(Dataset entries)
--- START ---

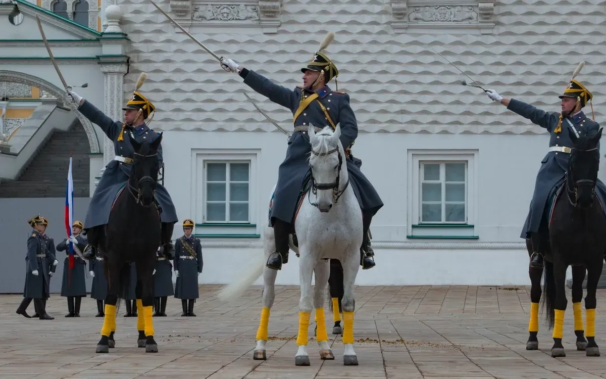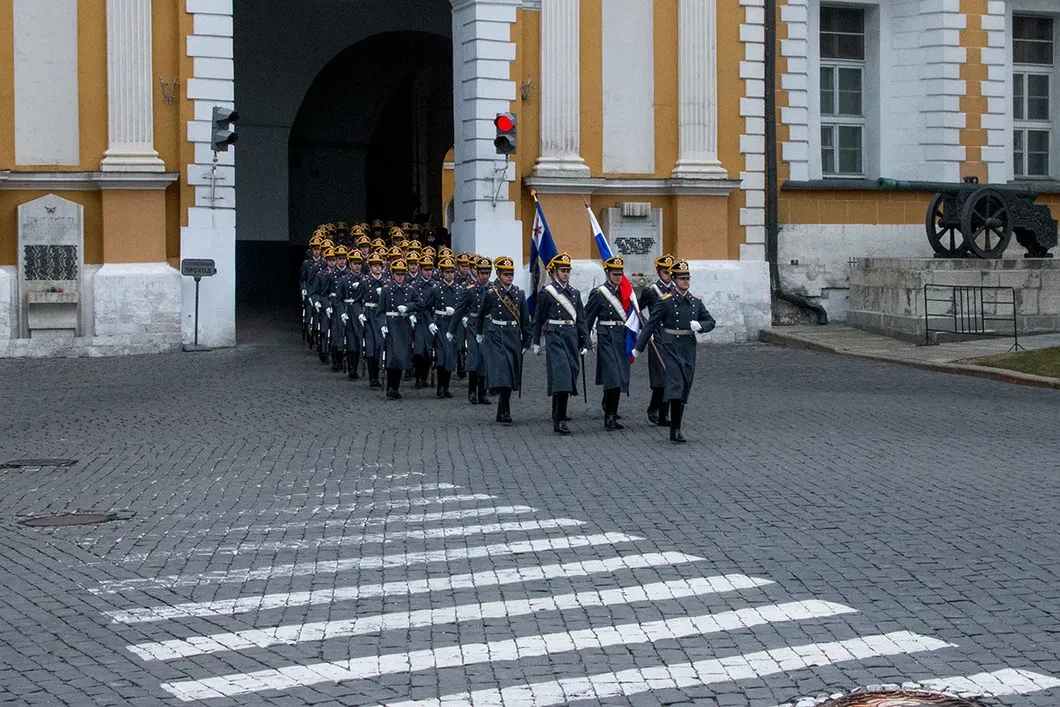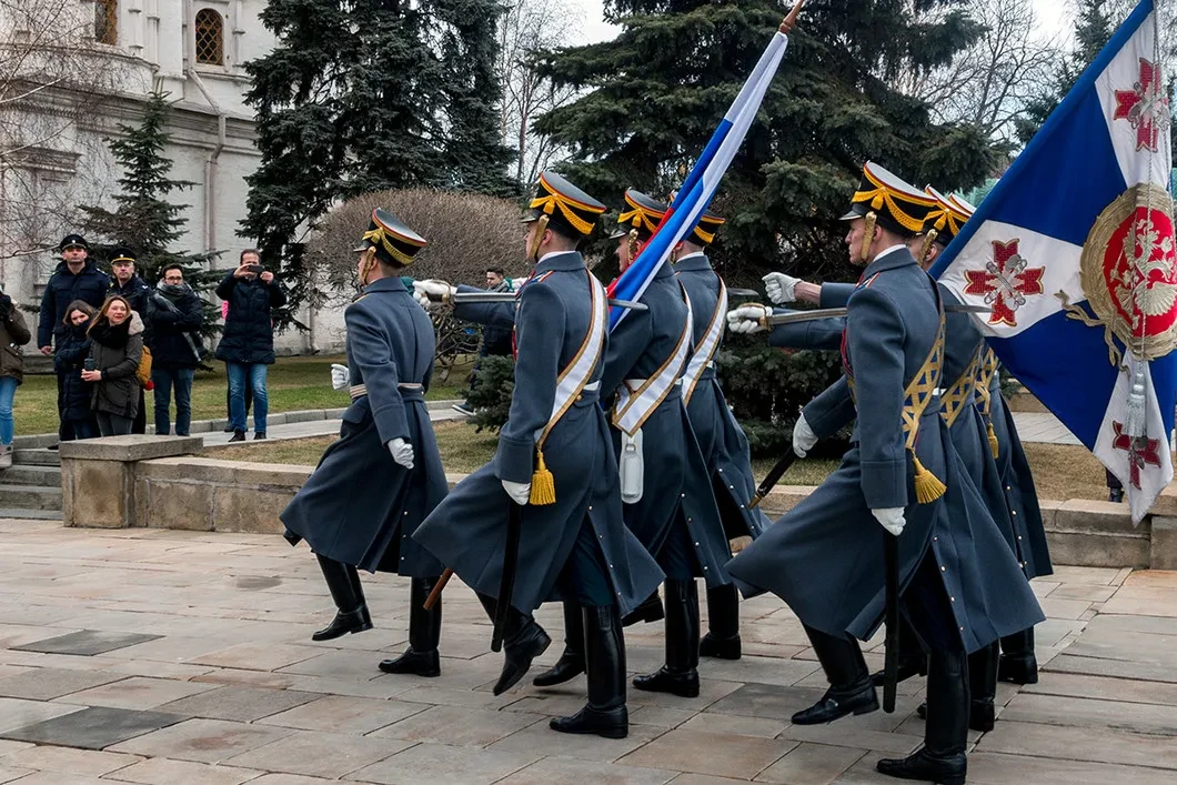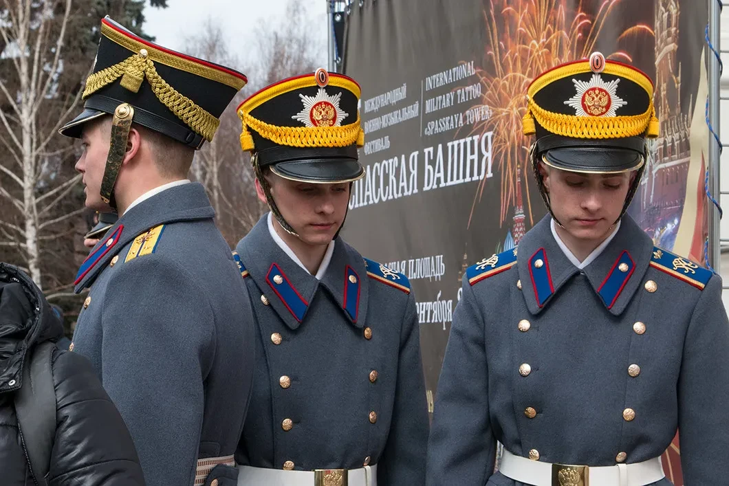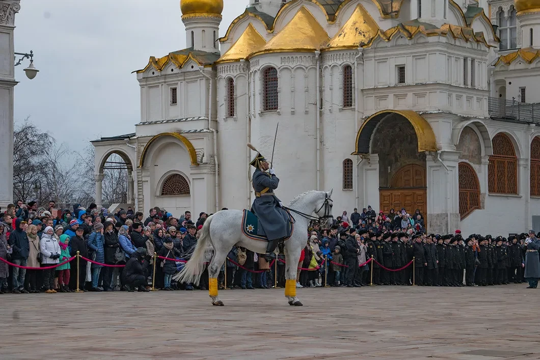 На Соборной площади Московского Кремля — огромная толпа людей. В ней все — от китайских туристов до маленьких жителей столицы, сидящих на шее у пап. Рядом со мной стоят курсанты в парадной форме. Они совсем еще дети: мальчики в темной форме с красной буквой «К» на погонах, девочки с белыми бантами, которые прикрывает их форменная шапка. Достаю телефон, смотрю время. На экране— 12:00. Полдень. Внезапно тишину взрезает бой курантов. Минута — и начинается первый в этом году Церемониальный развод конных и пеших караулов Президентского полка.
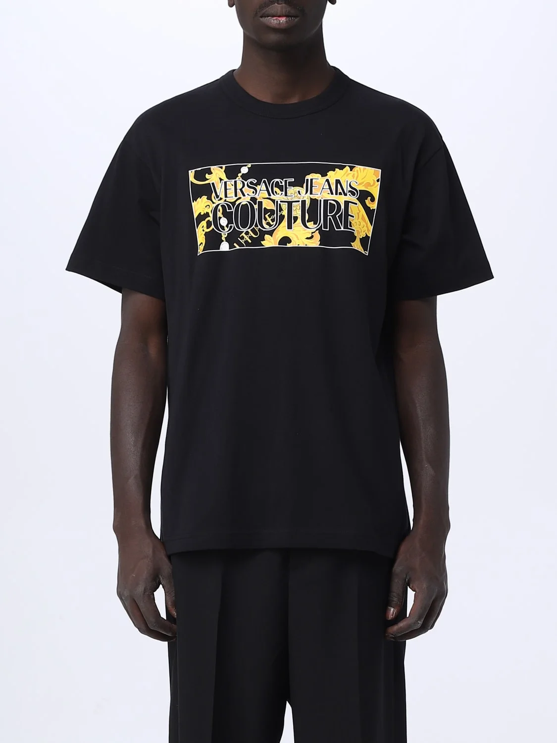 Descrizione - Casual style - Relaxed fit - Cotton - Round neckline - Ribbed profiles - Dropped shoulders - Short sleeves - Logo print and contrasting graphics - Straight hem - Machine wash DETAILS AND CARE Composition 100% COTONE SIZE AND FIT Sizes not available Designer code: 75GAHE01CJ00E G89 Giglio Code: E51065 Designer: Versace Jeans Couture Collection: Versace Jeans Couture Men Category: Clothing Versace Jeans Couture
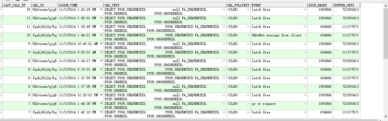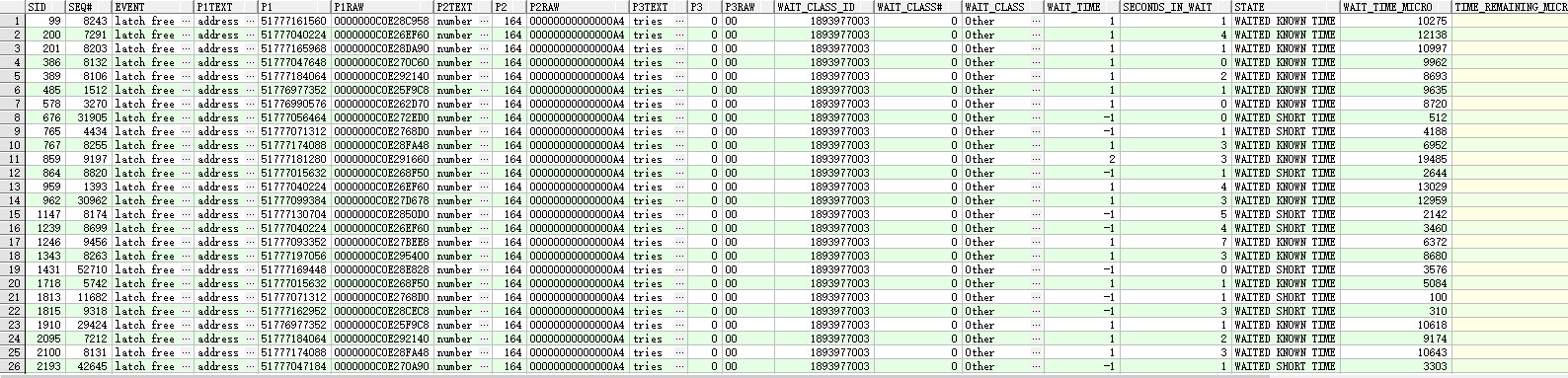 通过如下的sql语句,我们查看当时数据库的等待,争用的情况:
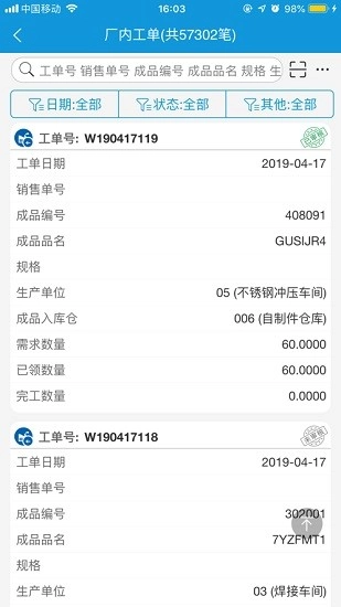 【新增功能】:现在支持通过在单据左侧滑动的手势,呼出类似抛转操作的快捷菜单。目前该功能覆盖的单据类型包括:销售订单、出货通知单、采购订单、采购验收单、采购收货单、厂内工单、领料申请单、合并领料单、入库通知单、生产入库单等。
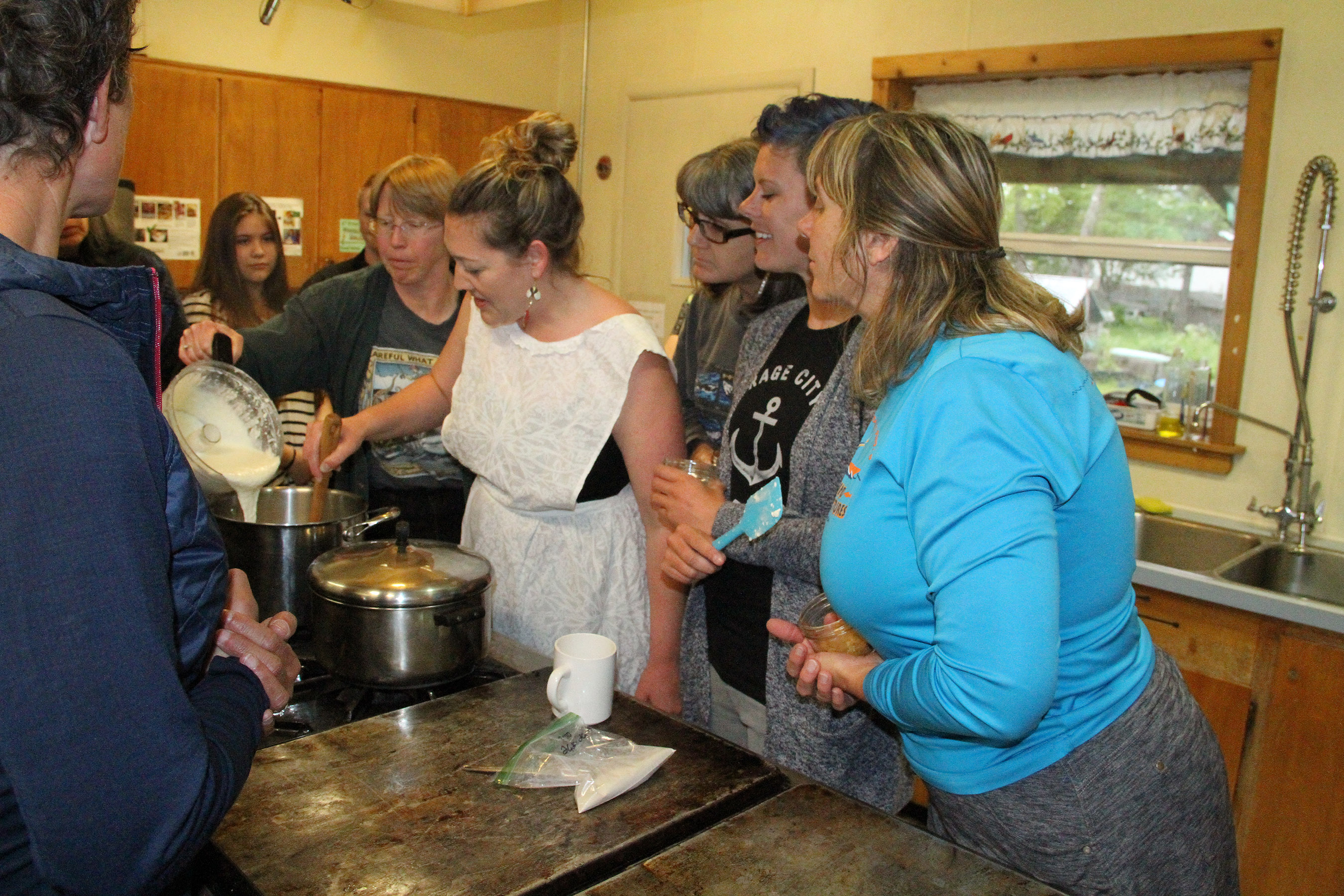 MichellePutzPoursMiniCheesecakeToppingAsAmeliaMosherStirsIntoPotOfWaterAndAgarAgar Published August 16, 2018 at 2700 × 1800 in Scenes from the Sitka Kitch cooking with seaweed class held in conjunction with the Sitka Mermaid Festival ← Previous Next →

--- END ---

Omitting the images, transcribe every record exactly.

* _Response area_:
 На Соборной площади Московского Кремля — огромная толпа людей. В ней все — от китайских туристов до маленьких жителей столицы, сидящих на шее у пап. Рядом со мной стоят курсанты в парадной форме. Они совсем еще дети: мальчики в темной форме с красной буквой «К» на погонах, девочки с белыми бантами, которые прикрывает их форменная шапка. Достаю телефон, смотрю время. На экране— 12:00. Полдень. Внезапно тишину взрезает бой курантов. Минута — и начинается первый в этом году Церемониальный развод конных и пеших караулов Президентского полка.
 Descrizione - Casual style - Relaxed fit - Cotton - Round neckline - Ribbed profiles - Dropped shoulders - Short sleeves - Logo print and contrasting graphics - Straight hem - Machine wash DETAILS AND CARE Composition 100% COTONE SIZE AND FIT Sizes not available Designer code: 75GAHE01CJ00E G89 Giglio Code: E51065 Designer: Versace Jeans Couture Collection: Versace Jeans Couture Men Category: Clothing Versace Jeans Couture
 通过如下的sql语句,我们查看当时数据库的等待,争用的情况:
 【新增功能】:现在支持通过在单据左侧滑动的手势,呼出类似抛转操作的快捷菜单。目前该功能覆盖的单据类型包括:销售订单、出货通知单、采购订单、采购验收单、采购收货单、厂内工单、领料申请单、合并领料单、入库通知单、生产入库单等。
 MichellePutzPoursMiniCheesecakeToppingAsAmeliaMosherStirsIntoPotOfWaterAndAgarAgar Published August 16, 2018 at 2700 × 1800 in Scenes from the Sitka Kitch cooking with seaweed class held in conjunction with the Sitka Mermaid Festival ← Previous Next →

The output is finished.